The code provides a fully working example of AWS Lambda using exiftool.

Primary LanguagePythonMIT LicenseMIT

Exiftool Lambda

The code provides a fully working example of AWS Lambda using exiftool. It is written in python and intended to work under limited disk and RAM resources. The core functionality simply downloads chunks of a file and fills stdin for exiftool. As soon as exiftool get all information, it exits. That way, even large files can be analyzed.

The AWS diagram is presented below:

+---------------+                            +-------------------------+
|               |  s3:ObjectCreated:* event  |                         |
|   S3 bucket   +--------------------------->|   Exiftool AWS Lambda   |
|               |                            |                         |
+---------------+                            +-------------------------+

More information can be found on blog post.

Usage

Exiftool lambda can be useful for obtaining metadata of uploaded file. I.e. user uploads a file to S3, it is then passed to our Lambda and extracted metadata is returned in JSON format (which can be later passed to another Lambda for further processing).

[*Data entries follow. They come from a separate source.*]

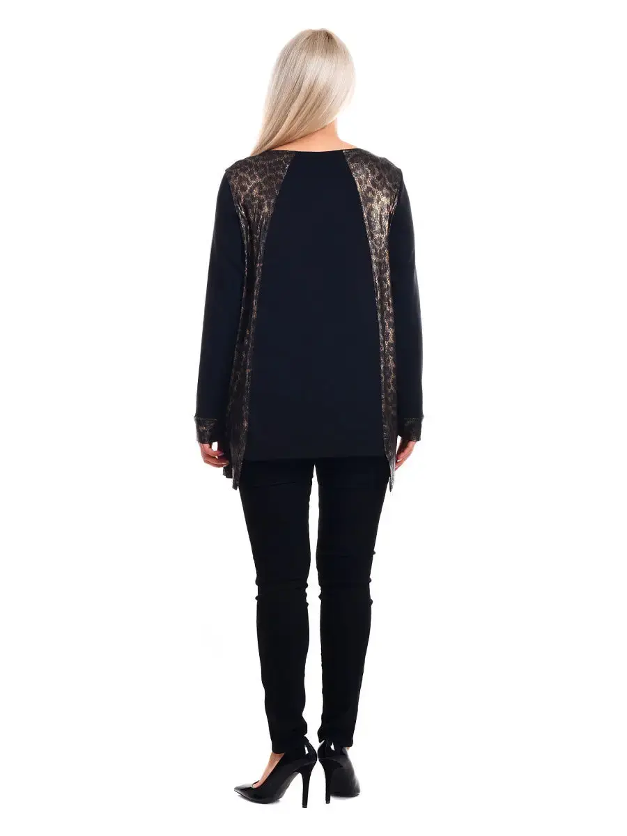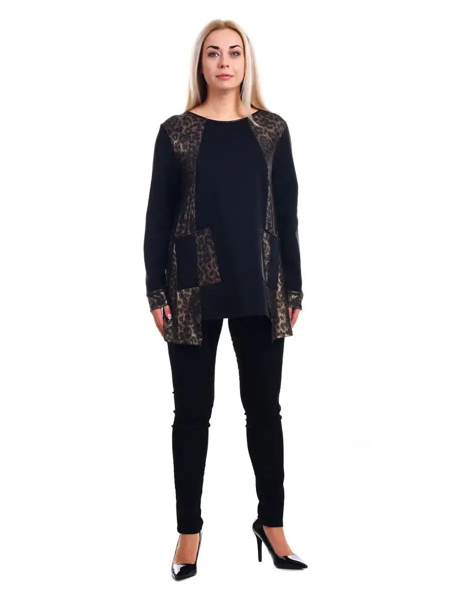 Эффектная стильная туника из однотонного матового трикотажа и ткани с перламутровым принтом. Модель имитирует длинный блестящий жилет без застежки, прикрывающий бедра, надетый поверх прямой чуть укороченной блузы с вырезом горловины лодочка;длинными втачными рукавами с манжетами, повторяющими блеск жилета, и декора квадратных накладных карманов. По спинке изделие выполнено в провокационном тренде: эффект не застегнутой блузы, надетой задом наперед.Длина по спинке: от 71 см до 76,5 см. Длина рукава 62 см.
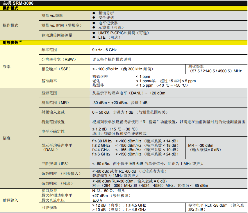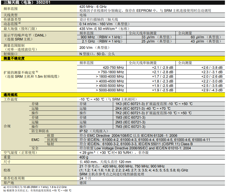 德國Narda SRM3006選頻電磁輻射分析儀產品技術規(guī)格:?
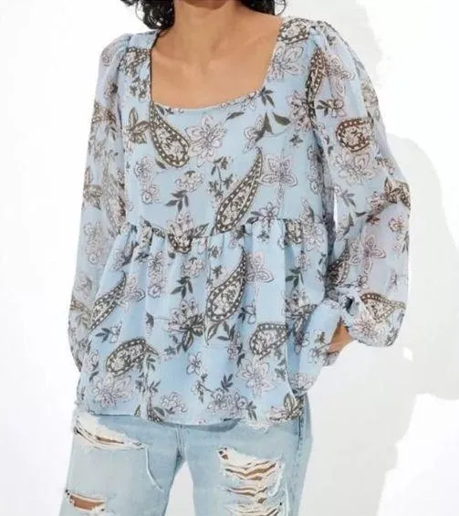 American Eagle Light Blue Beige Floral Paisley Chiffon Tie Back Blouse Brand new without tags, Gorge... Show more
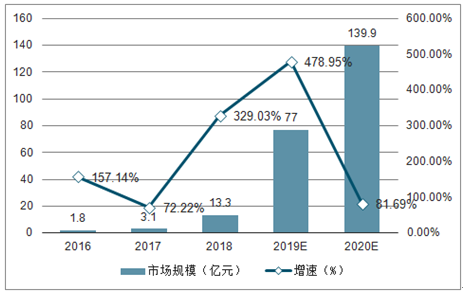 2016年我国无人货架销售市场规模为1.8亿元,占同期国内无人零售市场规模总量的1.06%。2017年无人货架销售市场规模在3.1亿元左右,同比增长72.22%,预计到2020年无人货架销售市场规模将达到139.9亿元。
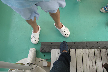 サンダルはダメとの事で、100円を出してこの黒い靴を借りる羽目に^^;
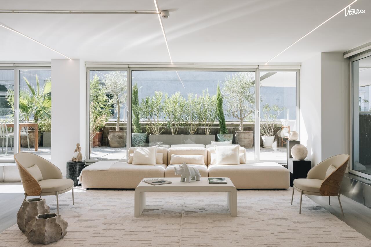 Es un espacio singular con un estilo minimalista, combina materiales modernos, paredes blancas y grandes ventanales que llenan el espacio de luz natural y está diseñado para todo tipo de eventos y acciones de carácter multidisciplinar. La sala está totalmente preparada para el uso exclusivo y diferenciador de todo aquel que quiera disfrutar de un evento.
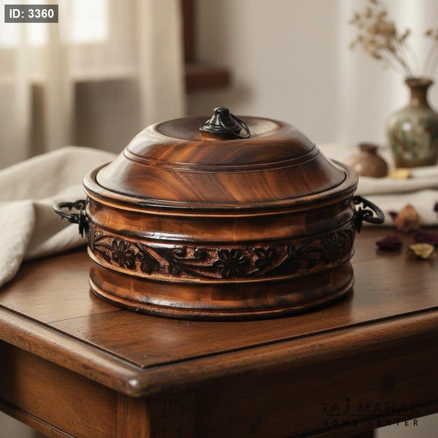 مضيفة خشب هندي بتصميم دائري ومنحوت يدويا
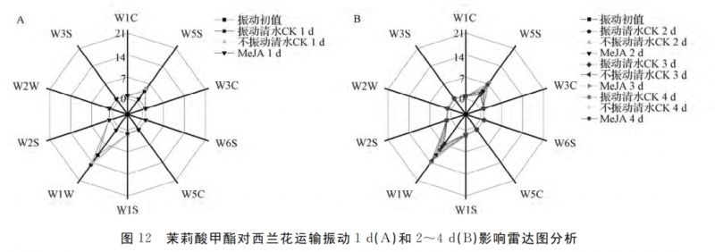 茉莉酸甲酯對西蘭花運輸振動影響雷達圖分析
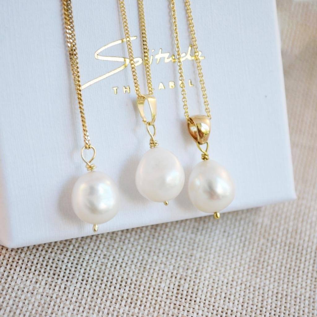 The organic shape of the freshwater pearl gives this necklace an elegant and playful look. Order your complete necklace or just the Golden Pearl pendant. We have three different pendants available: (starting from the left) the Simple, Thin Pendant eye, and Chunky Pendant eye. Which one is your favorite?
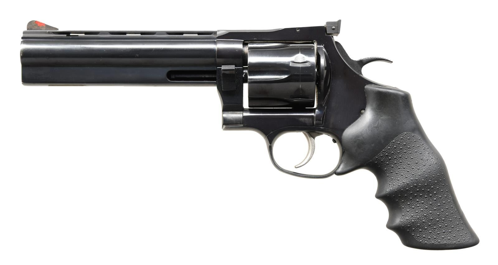 Cal. 44 Mag. S# B002873. Bbl. 6" VR. Serrateed blade front sight w/ red insert. Adjustable rear sight. Blue finish. Hogue finger groove grips. CONDITION: grips show scattered handling wear & dust staining. Metal retains 95% original blue w/ a drag line on cyl. & some scattered edge wear. Bright very good plus bore. (23-4920/MJC). MODERN. $900-1200.
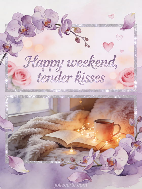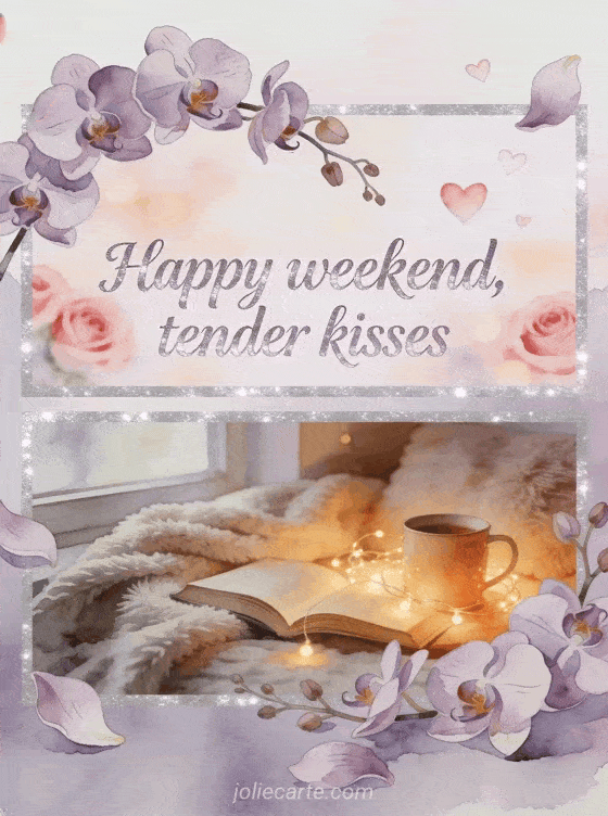 Share a happy weekend kisses gif image with lavender script, orchid petals, a cozy reading nook, plush plaid, warm cup, fairy lights and soft hearts. You can also send great weekend and kisses, great weekend big kisses or weekend sweet kisses.

Since AWS Lambda is limited environment, additional layer needs to be created and attached. In order to generate layer (with exiftool executable and its dependencies) a command needs to be run:

docker compose --env-file .docker.env -f docker-compose.yml up --build --force-recreate layer

Please note that all environment variables are stored in .docker.env. In order to adjust perl or exiftool version it needs to be changed there. After docker image is build it copies exiftool.zip to layer directory.

Once we have layer generated, we can run tests. This also happens via docker to mimic the AWS Lambda environment.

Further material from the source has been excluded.